• _Problem to solve_
Starting with the line in which "Leírás: Kedves egészségére!" appears, give back every line exactly as written until the listing ends, excluding pictures.

• _Provided material_
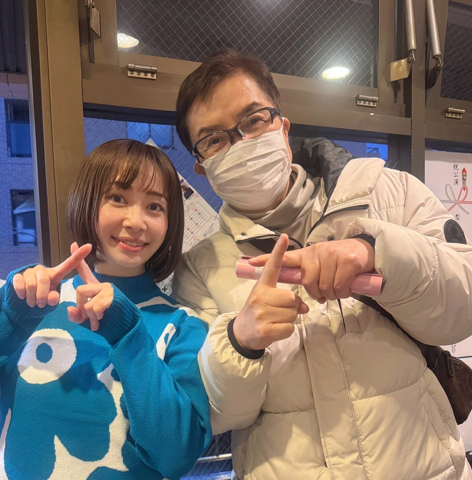 (主演を務める西尾まうさんと、原作の飯島謙一教授)
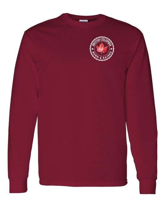 Born and Raised British Columbia Left Chest and Back Long Sleeve - Gildan Canada (sewn Internationally)
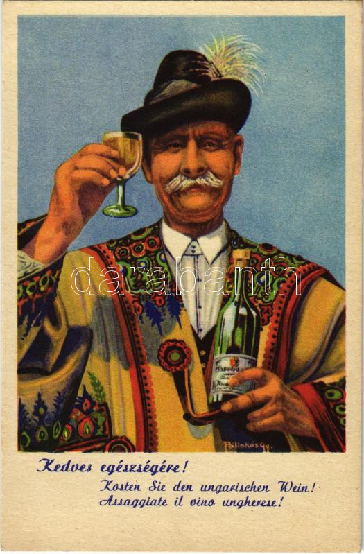 Leírás: Kedves egészségére! Magyar bor reklámlap, folklór / Hungarian wine advertising propaganda, folklore s: Pálinkás Gy.
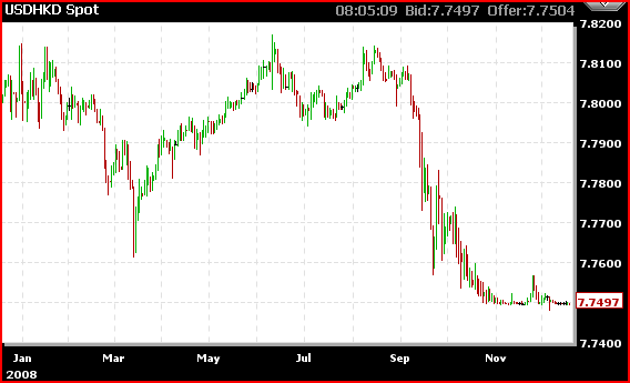 Under Hong Kong's currency board system, the Hong Kong dollar is pegged at 7.80 to the U.S. dollar, but is allowed to trade between 7.75 and 7.85.

• _Result of this task_
 Leírás: Kedves egészségére! Magyar bor reklámlap, folklór / Hungarian wine advertising propaganda, folklore s: Pálinkás Gy.
 Under Hong Kong's currency board system, the Hong Kong dollar is pegged at 7.80 to the U.S. dollar, but is allowed to trade between 7.75 and 7.85.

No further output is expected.